Regarding the statistical analysis methods, the usual suspects are:
Computation of a self-similarity matrix, and "checkerboard" filter to detect blocks. The classic paper is by Foote, "Automatic Audio Segmentation Using A Measure of Audio Novelty". Foote's novelty detection function can be computed online and incrementally - over a buffer of past audio frames.
Hidden Markov models, used in an unsupervised way. You hope that the HMM states will map well into segments (Peeters and Rodet, "Music Structure Discovering Using Dynamic Audio Features for Audio Summary Generation: Sequence and State Approach"), or you overestimate the number of HMM states and look for changes in the HMM state distribution within small windows (Levy and Sandler, "Structural Segmentation of Musical Audio by Constrained Clustering"). These methods are more geared towards offline processing, and situations in which you have an idea in advance of how many segments you want to identify.
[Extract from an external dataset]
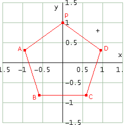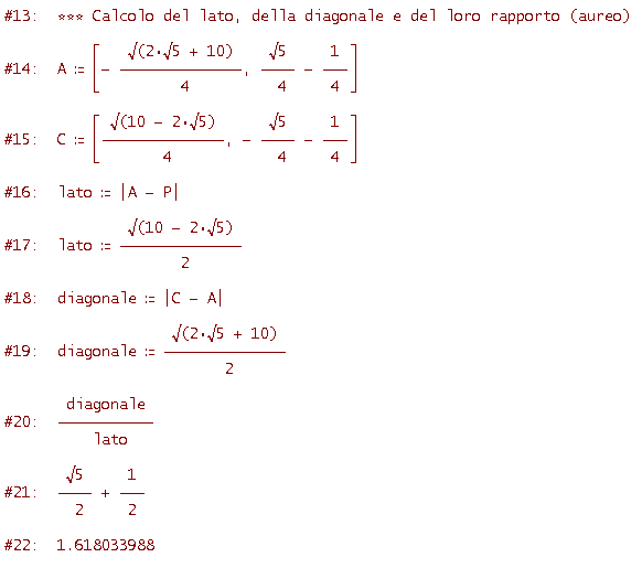 Visto che ci siamo, è anche facile calcolare la lunghezza del lato del pentagono (è il modulo del vettore PA) e la lunghezza della diagonale (è il modulo del vettore AC); potremo così verificare che il rapporto tra le due misure è la sezione aurea. Ecco il codice

"Streaming" change detection methods. The principle is to split the past $N$ frames of audio into two $N/2$ frames blocks $S_1$ and $S_2$, and to perform a statistical test to decide which of the hypotheses "Frames from $S_1$ and $S_2$ are drawn from the same distribution $P$" and "Frames from $S_1$ and $S_2$ are drawn from a different distribution $P_1$ and $P_2$" is the most likely. Big peaks or dips in the test outcome indicate that the middle of the block is a segment change. There are a number of information criteria used to weigh the two hypotheses, such as the BIC (Classic paper: "Unsupervised Audio Stream Segmentation And Clustering Via The Bayesian Information Criterion" by Zhou). The limitation here is that you usually have little data to perform the test, and the data has weird-looking distributions. See the section 2.2 of Gillet et al's "Comparing audio and video segmentations for music videos indexing" for a few pointers on kernel methods that overcome these limitations.
For a real-life application (indexing of radio streams), see for example Ramona's "Combined supervised and unsupervised approaches for automatic segmentation of radiophonic audio streams" - this work combined the kind of unsupervised section detectors discussed here to a supervised speech/music classifier (to tackle the most obvious part of the problem).